# PROBLEM TO SOLVE
Please retype the records below exactly as they appear, but leave out the pictures.

# RECORDS SHOWN
_ _ _

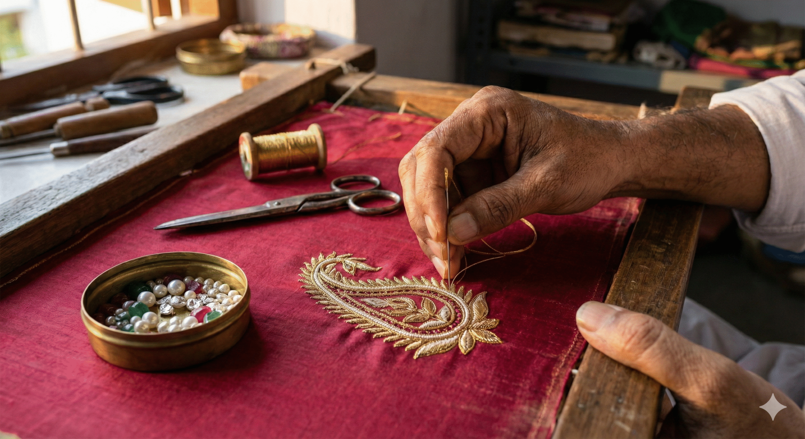 In our workshops, time slows down. Threads warm in the hands of artisans, zari catches the light like tiny blessings, and motifs grow one stitch at a time.
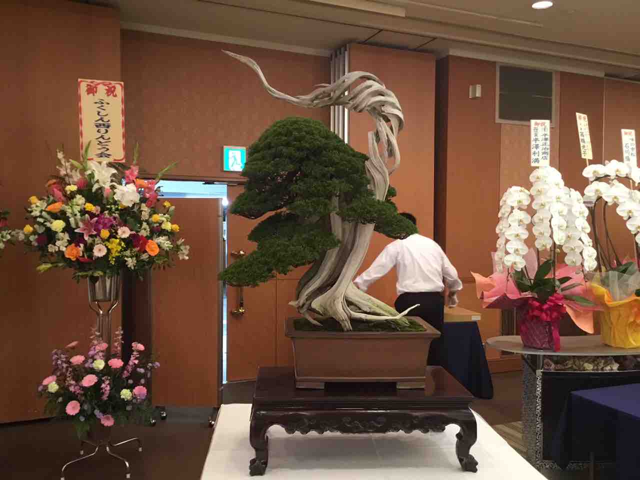 芸術作品としての展示設備を作り、初の木村正彦先生の創作盆栽を価格を表示して飾らせて頂きました。
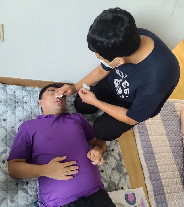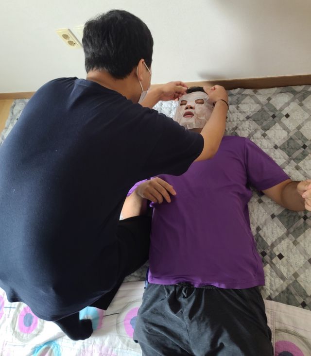 금일 스킨테라피 시간에는 스킨과 마스크팩을 이용해 피부관리하는 시간을 가졌습니다.
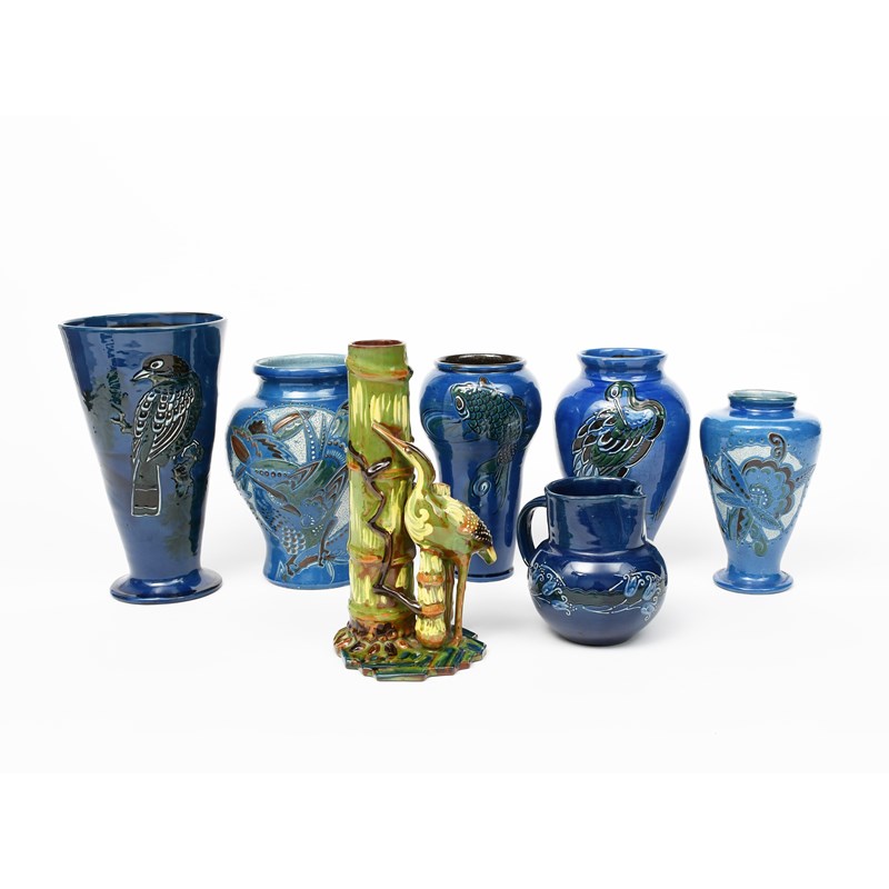 A C H Brannam Barum Ware pottery vase by Frank Thomas, modelled as a heron standing beside a tall bamboo stem painted in cream, brown and blue on a green ground, a C H Brannam vase slip decorated with a bird in colours on a blue ground, another similar, a vase decorated with a scaly fish, a vase decorated with a heron, another vase and a jug decorated with flowers incised marks FT monogram, minor chips, 24.5cm. high (7)
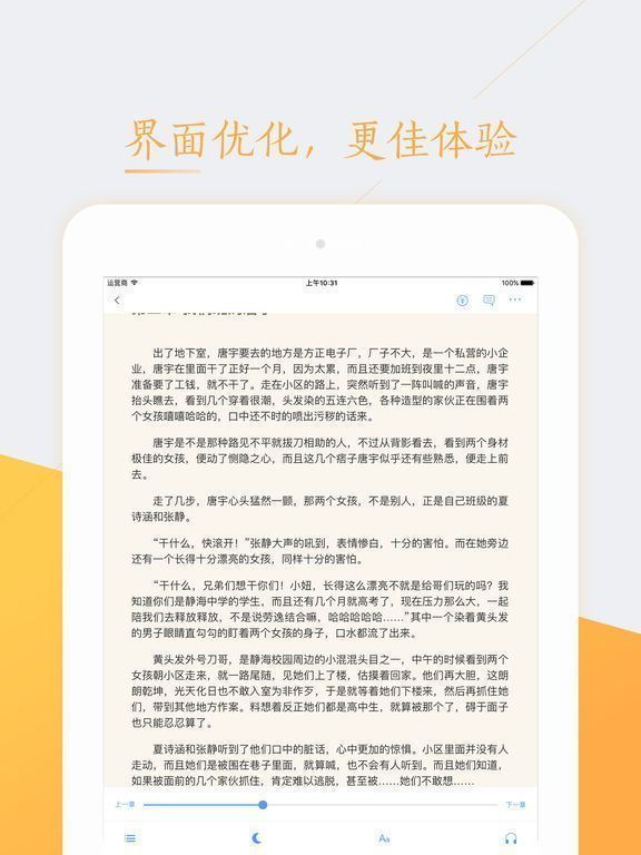 借助云端同步技术,用户的阅读进度、书签、笔记等数据可在多设备间无缝衔接,换设备也不怕丢失记录。软件还集成简体转繁体功能,方便港澳台及海外用户阅读。PDF文档阅读支持3D翻页与切边优化,带来媲美iBook的视觉享受。章节进度实时显示,支持一键清除,掌控感更强。
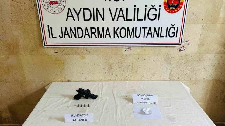 Aydın İl Jandarma Komutanlığı koordinesinde suç ve suçlulara yönelik yürütülen çalışmalar aralıksız devam ediyor. Edinilen bilgiye göre, Germencik İlçe Jandarma Komutanlığınca, Hıdırbeyli Mahallesi’nde gerçekleştirilen çalışma esnasında A.Ş. isimli şüpheli şahıs durduruldu. Şahsın üzerinde yapılan aramada 1 adet ruhsatsız tabanca, 4 adet tabanca fişeği ve bir miktar uyuşturucu madde ele geçirildi. Yakalanarak gözaltına alınan şüpheli hakkında başlatılan adli süreç devam ediyor.
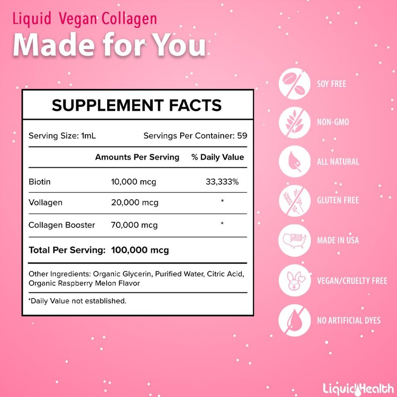 - VEGAN COLLAGEN DROPS FOR HEALTHY HAIR, SKIN, & NAILS: Liquid Health's Vegan Liquid Collagen drops are the first of their kind! Made with 100% plant-based Vegan Collagen AKA "Vollagen" and essential vitamins and minerals to support your body's natural collagen production. Nourish your body from the inside out for lustrous shiny hair, hydrated glowing skin, strong healthy nails, and a boosted metabolism.
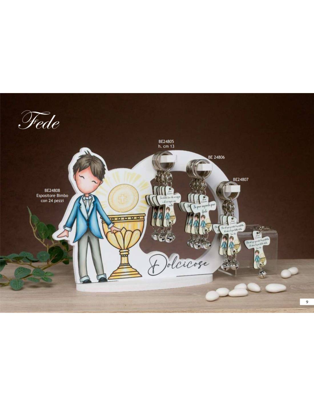 Linea Fede Dolcicose bomboniere comunione maschio portachiavi a forma di croce con bimbo comunione calice. È possibile scegliere tra tre modelli di bomboniere portachiavi con tre frasi differenti.
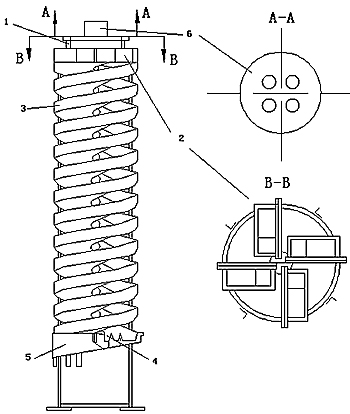 1-槽鋼機架; 2-給礦槽; 3-螺旋溜槽;
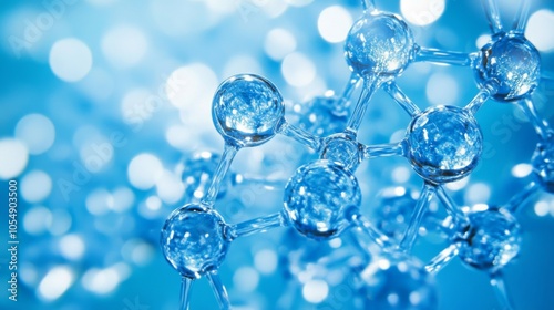 A close-up view of molecular structures with a soft blue background, showcasing interconnected spheres and a luminous effect.
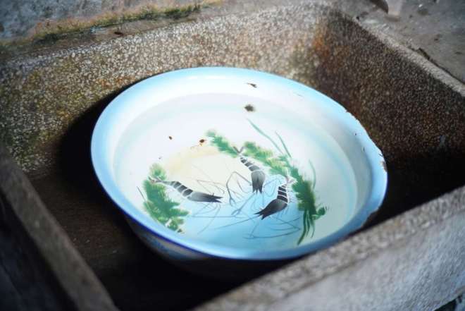 三人对着大屏幕上的幻灯片,按照自己的理解,依次聊到每张照片,比如,在谈到一张在晒台上的照片(下图1)时,徐昕称他在这个场景前通常镜头会朝着晒台外的高楼大厦看去,而陆元敏则被一株红花所吸引,而这是徐昕去过很多次没发现过的视角。又比如,在一张光彩耀日的照片(下图2)中,姜纬认为从黑暗中伸出的手让画面更生动,而陆元敏却说,自己看中的是画面中心的芒果。透过一张照片里的清水,几只虾的图画装点着搪瓷面盆;另一张照片里,孩子趴在玻璃上看着人来人往。姜纬和徐昕提到了陆元敏对于画面整体的把握和细节的关注。“人的神态和非常丰富的生活细节是陆元敏照片的魅力,也是上海这座城市平淡又典型的东西。”姜纬说。
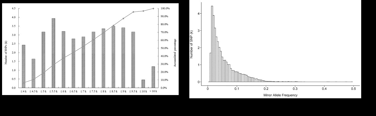 基因芯片是提升育種效率、培育抗病、抗逆及優(yōu)質(zhì)新品種的重要分子工具。近年來,針對對蝦和半滑舌鰨基因組育種缺乏低成本、高通量的基因芯片現(xiàn)狀,黃海水產(chǎn)研究所對蝦遺傳育種創(chuàng)新團隊和魚類種質(zhì)資源與分子育種創(chuàng)新團隊分別研制出凡納濱對蝦55K SNP基因芯片“黃海芯1號”和半滑舌鰨38K基因芯片“鰨芯1號”。
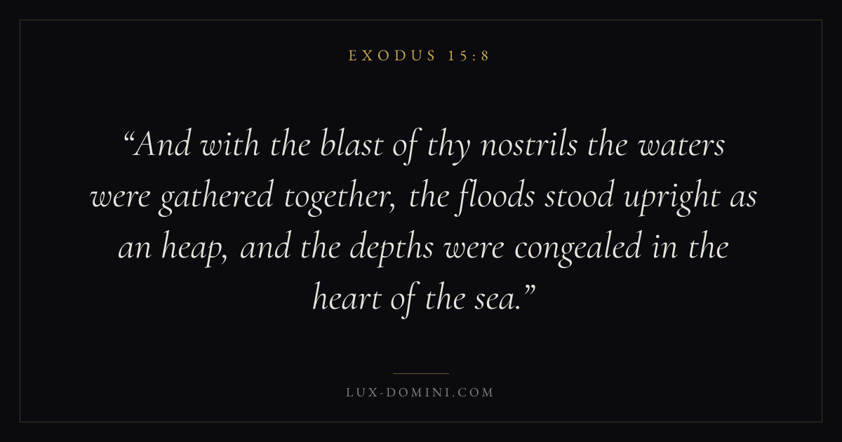 And with the blast of thy nostrils the waters were gathered together, the floods stood upright as an heap, and the depths were congealed in the heart of the sea.
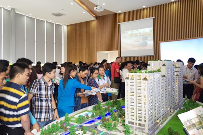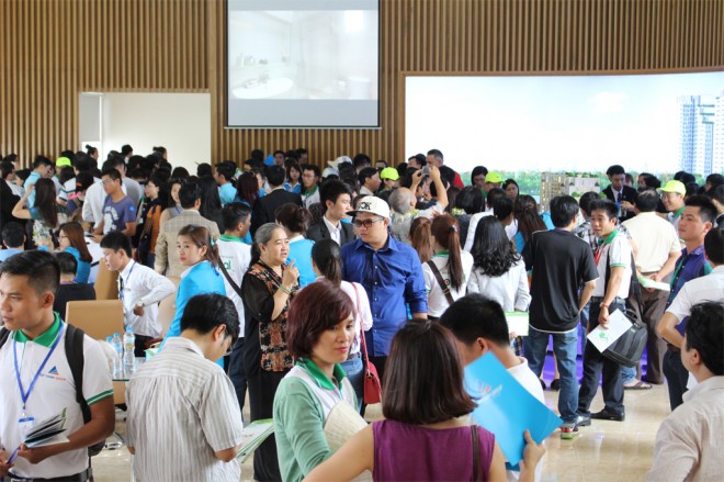 Rất đông khách hàng cùng chen chân đến tham quan nhà mẫu và tìm hiểu dự án bất động sản Opal Riverside
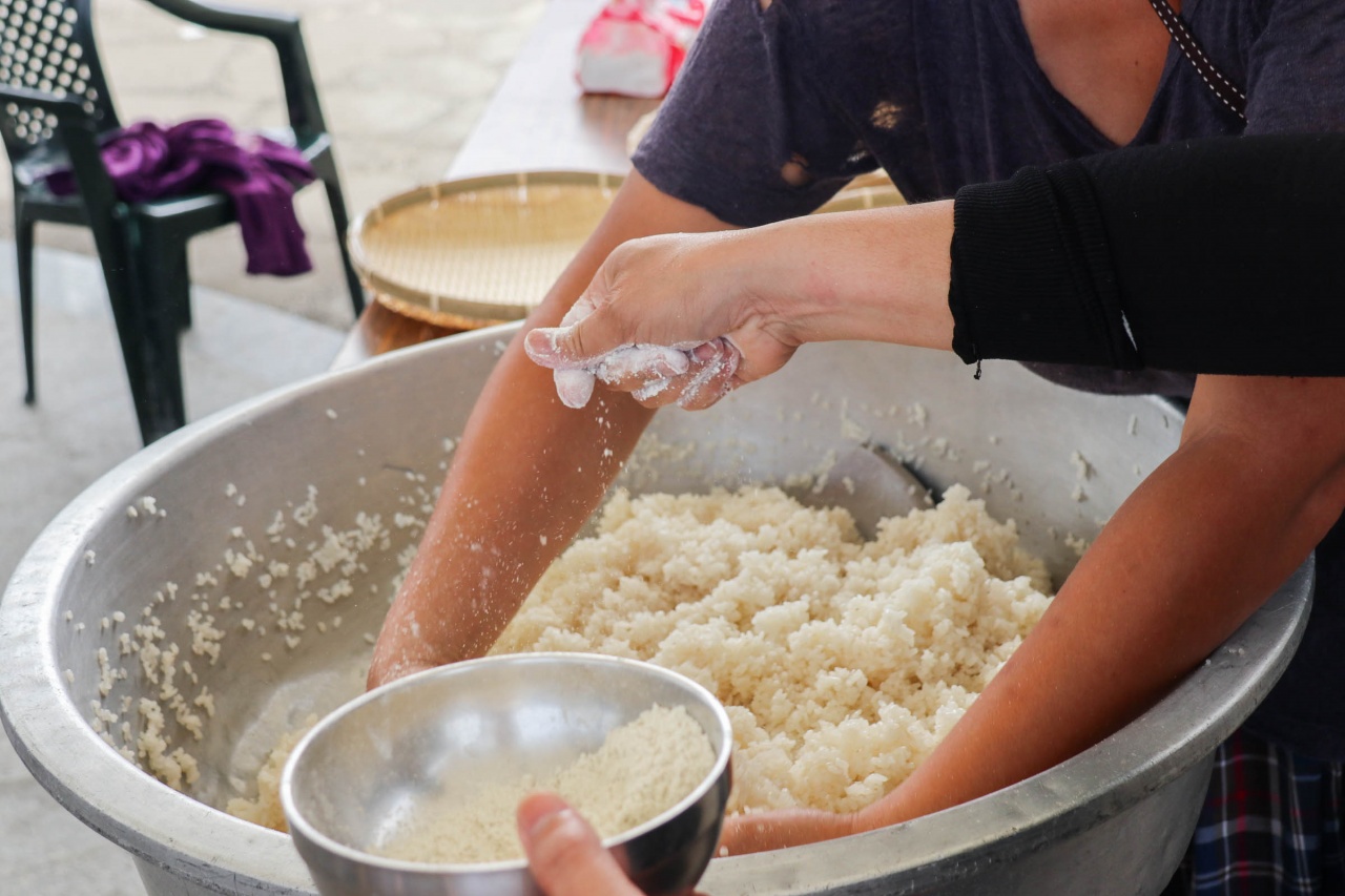 在活動開始前,就可以看到部落的長輩和年輕人們在為今天的豐年祭做準備。一大鍋細心悶煮的糯米、玻璃瓶以及一小盞神秘的粉末。等到報名參加的遊客陸陸續續到齊之後,主持人才開始說起甜酒釀以及他們部落的故事。在古老年代的原住民發現,有一些植物具有催化劑的效果,讓平淡無奇的澱粉類作物增添意想不到的甜味與酒香,後來被稱為酒麴植物。然而,各地的氣候環境以及當地植物植被的不同,每個地方都有獨特的香氣與口感。
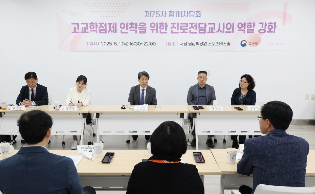 이주호 부총리 겸 교육부 장관은 지난 1일 서울 올림픽공원에서 열린 ‘제75차 함께차담회’에서 진로전담교사와 함께 ‘고교학점제 안착을 위한 진로전담교사의 역할’을 주제로 다양한 의견을 나눴다.
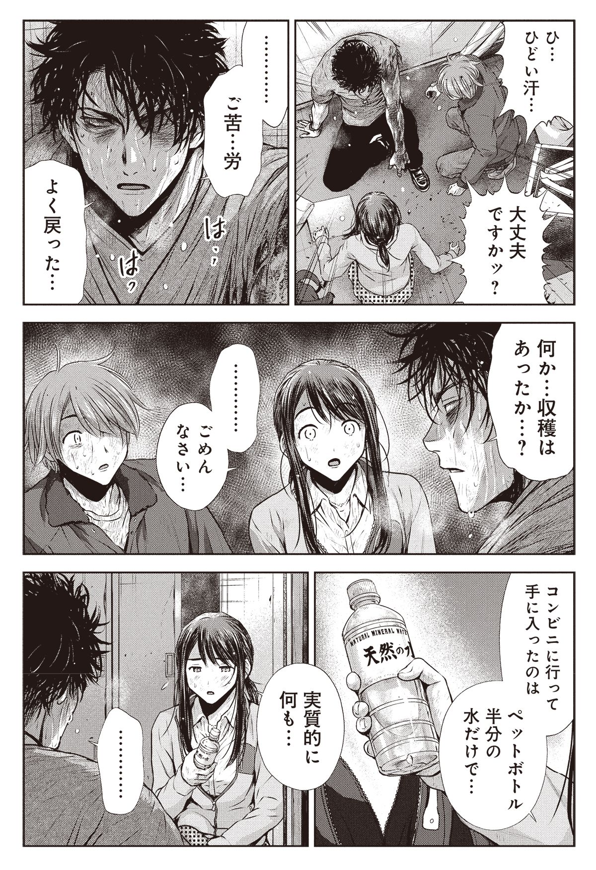 朝霞をその場に残し、崩壊した街中のコンビニエンスストアで「ペットボトル半分の水」を見つけて戻ってきた西藤と許斐だったが…。
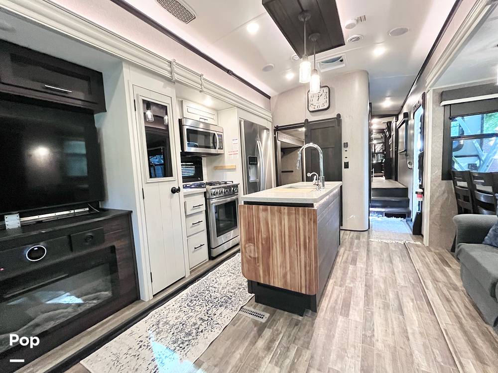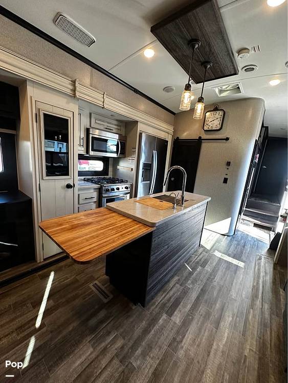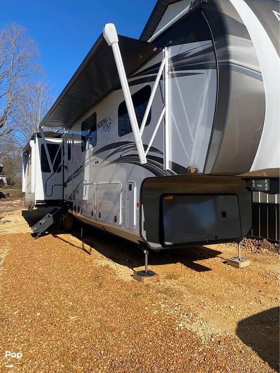Step inside and be greeted by a beautifully appointed interior that combines style and functionality. The North Point 377RLBH features a well-equipped kitchen with modern appliances, including a full-size refrigerator, microwave, and oven, ensuring you can prepare delicious meals on the road. The living area is a haven of relaxation, boasting plush seating and a state-of-the-art entertainment system, perfect for unwinding after a day of exploration. The RV also includes a cozy loft area, providing additional sleeping space or a fun hideaway for the kids.
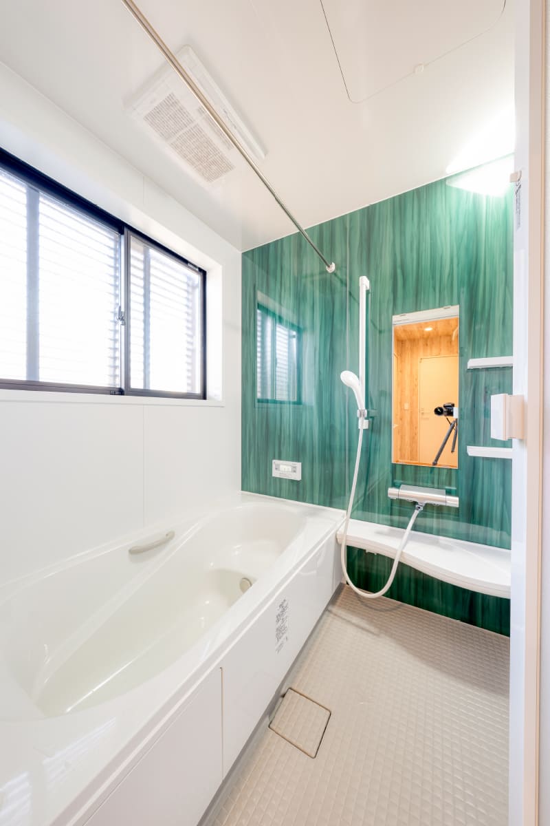 高級感のある壁材を採用し、大きな窓から明るい日差しが差し込む浴室。 彩光と通気性を確保。

_ _ _

# RESULT FOR THIS EXERCISE
 In our workshops, time slows down. Threads warm in the hands of artisans, zari catches the light like tiny blessings, and motifs grow one stitch at a time.
 芸術作品としての展示設備を作り、初の木村正彦先生の創作盆栽を価格を表示して飾らせて頂きました。
 금일 스킨테라피 시간에는 스킨과 마스크팩을 이용해 피부관리하는 시간을 가졌습니다.
 A C H Brannam Barum Ware pottery vase by Frank Thomas, modelled as a heron standing beside a tall bamboo stem painted in cream, brown and blue on a green ground, a C H Brannam vase slip decorated with a bird in colours on a blue ground, another similar, a vase decorated with a scaly fish, a vase decorated with a heron, another vase and a jug decorated with flowers incised marks FT monogram, minor chips, 24.5cm. high (7)
 借助云端同步技术,用户的阅读进度、书签、笔记等数据可在多设备间无缝衔接,换设备也不怕丢失记录。软件还集成简体转繁体功能,方便港澳台及海外用户阅读。PDF文档阅读支持3D翻页与切边优化,带来媲美iBook的视觉享受。章节进度实时显示,支持一键清除,掌控感更强。
 Aydın İl Jandarma Komutanlığı koordinesinde suç ve suçlulara yönelik yürütülen çalışmalar aralıksız devam ediyor. Edinilen bilgiye göre, Germencik İlçe Jandarma Komutanlığınca, Hıdırbeyli Mahallesi’nde gerçekleştirilen çalışma esnasında A.Ş. isimli şüpheli şahıs durduruldu. Şahsın üzerinde yapılan aramada 1 adet ruhsatsız tabanca, 4 adet tabanca fişeği ve bir miktar uyuşturucu madde ele geçirildi. Yakalanarak gözaltına alınan şüpheli hakkında başlatılan adli süreç devam ediyor.
 - VEGAN COLLAGEN DROPS FOR HEALTHY HAIR, SKIN, & NAILS: Liquid Health's Vegan Liquid Collagen drops are the first of their kind! Made with 100% plant-based Vegan Collagen AKA "Vollagen" and essential vitamins and minerals to support your body's natural collagen production. Nourish your body from the inside out for lustrous shiny hair, hydrated glowing skin, strong healthy nails, and a boosted metabolism.
 Linea Fede Dolcicose bomboniere comunione maschio portachiavi a forma di croce con bimbo comunione calice. È possibile scegliere tra tre modelli di bomboniere portachiavi con tre frasi differenti.
 1-槽鋼機架; 2-給礦槽; 3-螺旋溜槽;
 A close-up view of molecular structures with a soft blue background, showcasing interconnected spheres and a luminous effect.
 三人对着大屏幕上的幻灯片,按照自己的理解,依次聊到每张照片,比如,在谈到一张在晒台上的照片(下图1)时,徐昕称他在这个场景前通常镜头会朝着晒台外的高楼大厦看去,而陆元敏则被一株红花所吸引,而这是徐昕去过很多次没发现过的视角。又比如,在一张光彩耀日的照片(下图2)中,姜纬认为从黑暗中伸出的手让画面更生动,而陆元敏却说,自己看中的是画面中心的芒果。透过一张照片里的清水,几只虾的图画装点着搪瓷面盆;另一张照片里,孩子趴在玻璃上看着人来人往。姜纬和徐昕提到了陆元敏对于画面整体的把握和细节的关注。“人的神态和非常丰富的生活细节是陆元敏照片的魅力,也是上海这座城市平淡又典型的东西。”姜纬说。
 基因芯片是提升育種效率、培育抗病、抗逆及優(yōu)質(zhì)新品種的重要分子工具。近年來,針對對蝦和半滑舌鰨基因組育種缺乏低成本、高通量的基因芯片現(xiàn)狀,黃海水產(chǎn)研究所對蝦遺傳育種創(chuàng)新團隊和魚類種質(zhì)資源與分子育種創(chuàng)新團隊分別研制出凡納濱對蝦55K SNP基因芯片“黃海芯1號”和半滑舌鰨38K基因芯片“鰨芯1號”。
 And with the blast of thy nostrils the waters were gathered together, the floods stood upright as an heap, and the depths were congealed in the heart of the sea.
 Rất đông khách hàng cùng chen chân đến tham quan nhà mẫu và tìm hiểu dự án bất động sản Opal Riverside
 在活動開始前,就可以看到部落的長輩和年輕人們在為今天的豐年祭做準備。一大鍋細心悶煮的糯米、玻璃瓶以及一小盞神秘的粉末。等到報名參加的遊客陸陸續續到齊之後,主持人才開始說起甜酒釀以及他們部落的故事。在古老年代的原住民發現,有一些植物具有催化劑的效果,讓平淡無奇的澱粉類作物增添意想不到的甜味與酒香,後來被稱為酒麴植物。然而,各地的氣候環境以及當地植物植被的不同,每個地方都有獨特的香氣與口感。
 이주호 부총리 겸 교육부 장관은 지난 1일 서울 올림픽공원에서 열린 ‘제75차 함께차담회’에서 진로전담교사와 함께 ‘고교학점제 안착을 위한 진로전담교사의 역할’을 주제로 다양한 의견을 나눴다.
 朝霞をその場に残し、崩壊した街中のコンビニエンスストアで「ペットボトル半分の水」を見つけて戻ってきた西藤と許斐だったが…。
Step inside and be greeted by a beautifully appointed interior that combines style and functionality. The North Point 377RLBH features a well-equipped kitchen with modern appliances, including a full-size refrigerator, microwave, and oven, ensuring you can prepare delicious meals on the road. The living area is a haven of relaxation, boasting plush seating and a state-of-the-art entertainment system, perfect for unwinding after a day of exploration. The RV also includes a cozy loft area, providing additional sleeping space or a fun hideaway for the kids.
 高級感のある壁材を採用し、大きな窓から明るい日差しが差し込む浴室。 彩光と通気性を確保。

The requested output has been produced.